Closures take a lot of getting your head around. It’s often worth working through some examples in painstaking detail, getting yourself thoroughly familiar with exactly what’s happening.

Very true. I wasn’t connecting the dots between the closure concept and its implementation through cells properly. Thanks.

Right. I know how variables are shared in a closure fairly well, but forgot about it when viewing its implementation details through cells. Thanks again.

Eh.

Shared mutable state takes a lot of getting one’s head around. Late binding takes a bit more - shared mutable state is a prerequisite for late binding to make a difference, but after that you mostly just need to know that the late binding is there. (And, famously, one of the biggest gotchas [1] in Python becomes a gotcha exactly because it’s an example of early binding.)

And, sure, Python’s specific implementation of closures is a little bit weird, in order to support the high level of dynamism in the language while avoiding that indirection when it isn’t needed (LOAD_FAST etc.).

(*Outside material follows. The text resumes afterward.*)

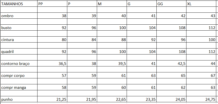 🔹 A modelagem é mais reta e confortável — as medidas de busto, cintura e quadril crescem de forma proporcional.
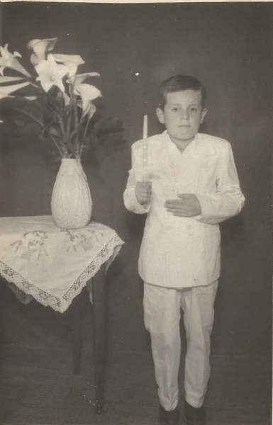 Primeira comunhão de Gelázio Della Giustina, em 27 de outubro de 1957, na Paróquia Nosso Senhor do Bonfim, em Braço do Norte.

But closures in general? Nah, they’re about the simplest possible realization of the underlying idea.

Here’s a far more complex realization:

class n_closure:
    def __init__(self):
        self.n = 0
    def one(self):
        return self.n
    def two(self):
        return self.n

def counter():
    closure = n_closure()
    closure.n += 1
    one = closure.one
    closure.n += 1
    two = closure.two
    return one, two

Closures have a sort of equivalence with classes[2]: the purpose of both is to hold mutable state so that it can be shared between calls to functions (or methods). Because the shared state is, well, shared, it inherently represents an outer, “wider” scope. (The fact that this scope is “enclosing” is just a consequence of lexical scoping; you can just as easily have closures in a language with dynamic scoping, rare as those are.) “The attributes of the n_closure instance” are every bit as much a scope (i.e. a namespace) as an actual closure would be.

But classes also bring with them tons of other quirks. :wink:


  1. See if you can guess what I’m talking about without peeking! (Actually, for you in particular, I think this should be a gimme :wink: ) ↩︎

  2. Well, the concept does. The individual closure objects are more like instances. ↩︎

I know the one referred to, although personally I don’t think it’s as big a gotcha as people think. But maybe it’s Python’s biggest gotchas because Python doesn’t HAVE big gotchas (like, ahem, the ?: operator having its associativity backwards, but not in all versions - not that any mainstream language would ever do THAT…).